SAN FRACISCO CHRONICLE - July 18, 2000
Jonathan Curiel

Film Festival Showing Sexy Israeli Drama

When Israeli director Eytan Fox finished making "Florentene" last year, he argued with network executives about sex scenes in the TV series.

Censors were alarmed by several episodes, including one that featured two male characters kissing and another that showed a woman and man having adulterous sex.
"I was very though", says Fox. "I said, 'I want it this way. I don't want to cut it. I don't want to change it.' " The network relented, and "Florentene" - a drama about nine Israelis in their 20s - aired without any reworking. The result: a hit series, praised by critics, that has been picked up for another season in Israel.

The first six episodes of "Florentene" are being shown tomorrow at the Castro and next Sunday at the UC Theater as a part of the San Francisco Jewish Film Festival.
The characters live in Florentene, a bohemian district in south Tel-Aviv. They include a beautiful children's TV host, a gossip columist, a rock 'n' roll singer, a gardner and an aspiring filmmaker who has just returned from a two-year sojourn to India. Two are gay. Their lives are complicated, filled with decisions about jobs and relationships.

The sex scenes in "Florentene" aren't designed to titillate. Instead, they seem like a natural extension of each episode's story line.

"Life with young people has a lot of sex in it," says Fox, 33. "If you're going to do a serious show about twentysomethings - it doesn't matter where you do it, in the united Stated of Israel - if you want to be true to life, if you want to move people, you have to show sex, you have to be explicit about it."

Though executives are Israel's Channel 2 approved Fox's series, they still braced themselves for complaints when "Florentene" aired. The complaints never materialized - one reason Fox considers it a breakthrough series that indicates how much Israel has changed in just the past 10 years.

The characters in "Florentene" are fallible, even if they look attractive and are physically strong. Awkward moments are common. In one episode, a character tells his parents that he is gay, announcing it while they watch the televised funeral of slain Prime Minister Yitzhak Rabin.

Many Israelis consider Fox one of the county's best director. Before "Florentene" he created such hits as "Song of the Siren", a comedy set during the Persian Gulf War, and "Time Off", the first Israeli film to deal seriously with homosexuality in the military.

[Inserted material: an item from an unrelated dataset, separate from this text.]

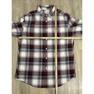 Crafted from 100% cotton, this Goodfellow & Co shirt offers a stylish and preppy look with its red and black plaid design. The button-up style is versatile for casual or semi-formal settings, providing comfort and a classic fit.

His 35-minute film "Gotta Have Heart", which he describes as a gay fantasy, is also screening at the festival. The success of "Florentene" and "Song of the Siren" show that his films have wide commercial appeal. His movies have been shown by television networks in Germany, Sweden and elsewhere in Europ and at film festivals around the world.

"I don't want to sound corny," he says, "but I want to do for Israeli culture what Ang Lee did to Taiwanese culture with films like 'The wedding Banquet' and 'Eat, Drink, Man, Woman.' He brought to America and all over the world a different culture in ways (the audience) could handle and appreciate."